The problem: Reproduce the listing below exactly, except for its pictures.

── Recorded information

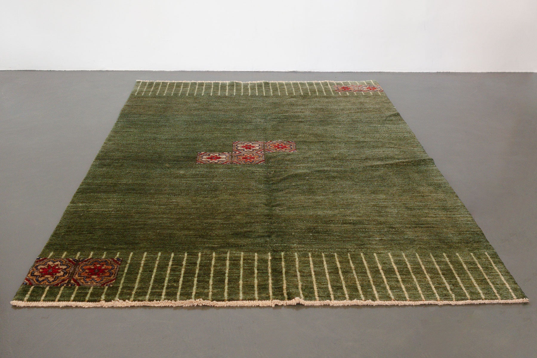 name: Samandarorigin: Afghanistan, Ziegler Chobistyle: rug, carpetmaterial: hand knotted woolcolor: green, cream, yellow, red, blue, grayage: vintage condition: good, age related wear - see picturesappraised value: $2,216
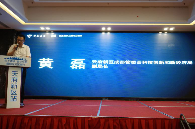 活动伊始,天府新区成都管委会科技创新和新经济局副局长黄磊、中国电信股份有限公司天府新区分公司副总经理谷上宇为本次活动发表了致辞演讲。
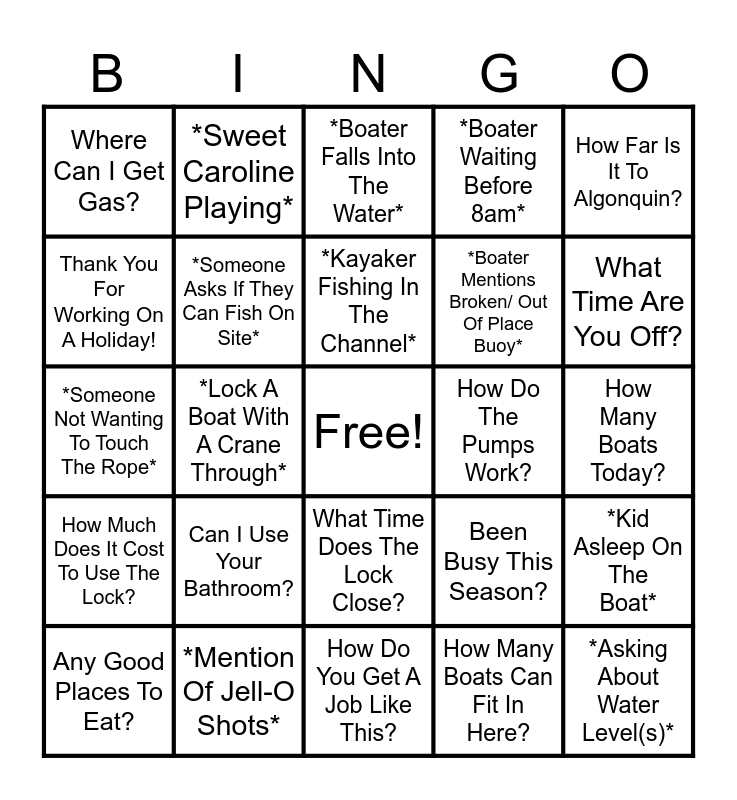 This bingo card has a free space and 44 words: This Is My First Time., *Asking About Water Level(s)*, How Long Does This Take?, Any Good Places To Eat?, *More Than 5 Trump Flags In The Lock At Once*, How Many Boats Can Fit In Here?, *Boater Falls Into The Water*, *Boater Offers Alcohol*, How Far Is It To Algonquin?, *Mention Of Jell-O Shots*, *Boater Waiting Before 8am*, How Do The Pumps Work?, What Time Does The Lock Close?, Can I Use Your Bathroom?, *Jurassic Park Theme Playing*, How Do You Get A Job Like This?, How Many Gallons Does The Lock Hold?, *Someone Not Wanting To Touch The Rope*, *Have To Tell Someone Not To Smoke In The Lock*, What Time Are You Off?, *Sweet Caroline Playing*, *Boat Has Trouble Starting*, *Kidd Rock Playing*, Where Can I Get Gas?, *Mention Of Spiders/Wasps*, How Many Boats Today?, *Ask About A Specific Locktender By Name*, *Lock A Police Boat Through*, Been Busy This Season?, How Much Does It Cost To Use The Lock?, *More Than 4 Dogs In The Lock At Once*, *Kid Asleep On The Boat*, *More Than 7 PWCs At Once*, *Have To Have A Vessel Turn Sideways To Fit Them In*, *Lock A Boat With A Crane Through*, *Lock A Vessel After 11:50pm*, *Vessel Turns Around After Waiting Along Mooring*, *Proud To Be An American Playing*, *Kayaker Fishing In The Channel*, Thank You For Working On A Holiday!, *Boater Mentions Broken/ Out Of Place Buoy*, *Have To Tell Someone Not To Tie-Off In Lock*, *Someone Asks If They Can Fish On Site* and *Receive A Phone Call From Someone Waiting On Mooring*.

────

Exercise output:
 name: Samandarorigin: Afghanistan, Ziegler Chobistyle: rug, carpetmaterial: hand knotted woolcolor: green, cream, yellow, red, blue, grayage: vintage condition: good, age related wear - see picturesappraised value: $2,216
 活动伊始,天府新区成都管委会科技创新和新经济局副局长黄磊、中国电信股份有限公司天府新区分公司副总经理谷上宇为本次活动发表了致辞演讲。
 This bingo card has a free space and 44 words: This Is My First Time., *Asking About Water Level(s)*, How Long Does This Take?, Any Good Places To Eat?, *More Than 5 Trump Flags In The Lock At Once*, How Many Boats Can Fit In Here?, *Boater Falls Into The Water*, *Boater Offers Alcohol*, How Far Is It To Algonquin?, *Mention Of Jell-O Shots*, *Boater Waiting Before 8am*, How Do The Pumps Work?, What Time Does The Lock Close?, Can I Use Your Bathroom?, *Jurassic Park Theme Playing*, How Do You Get A Job Like This?, How Many Gallons Does The Lock Hold?, *Someone Not Wanting To Touch The Rope*, *Have To Tell Someone Not To Smoke In The Lock*, What Time Are You Off?, *Sweet Caroline Playing*, *Boat Has Trouble Starting*, *Kidd Rock Playing*, Where Can I Get Gas?, *Mention Of Spiders/Wasps*, How Many Boats Today?, *Ask About A Specific Locktender By Name*, *Lock A Police Boat Through*, Been Busy This Season?, How Much Does It Cost To Use The Lock?, *More Than 4 Dogs In The Lock At Once*, *Kid Asleep On The Boat*, *More Than 7 PWCs At Once*, *Have To Have A Vessel Turn Sideways To Fit Them In*, *Lock A Boat With A Crane Through*, *Lock A Vessel After 11:50pm*, *Vessel Turns Around After Waiting Along Mooring*, *Proud To Be An American Playing*, *Kayaker Fishing In The Channel*, Thank You For Working On A Holiday!, *Boater Mentions Broken/ Out Of Place Buoy*, *Have To Tell Someone Not To Tie-Off In Lock*, *Someone Asks If They Can Fish On Site* and *Receive A Phone Call From Someone Waiting On Mooring*.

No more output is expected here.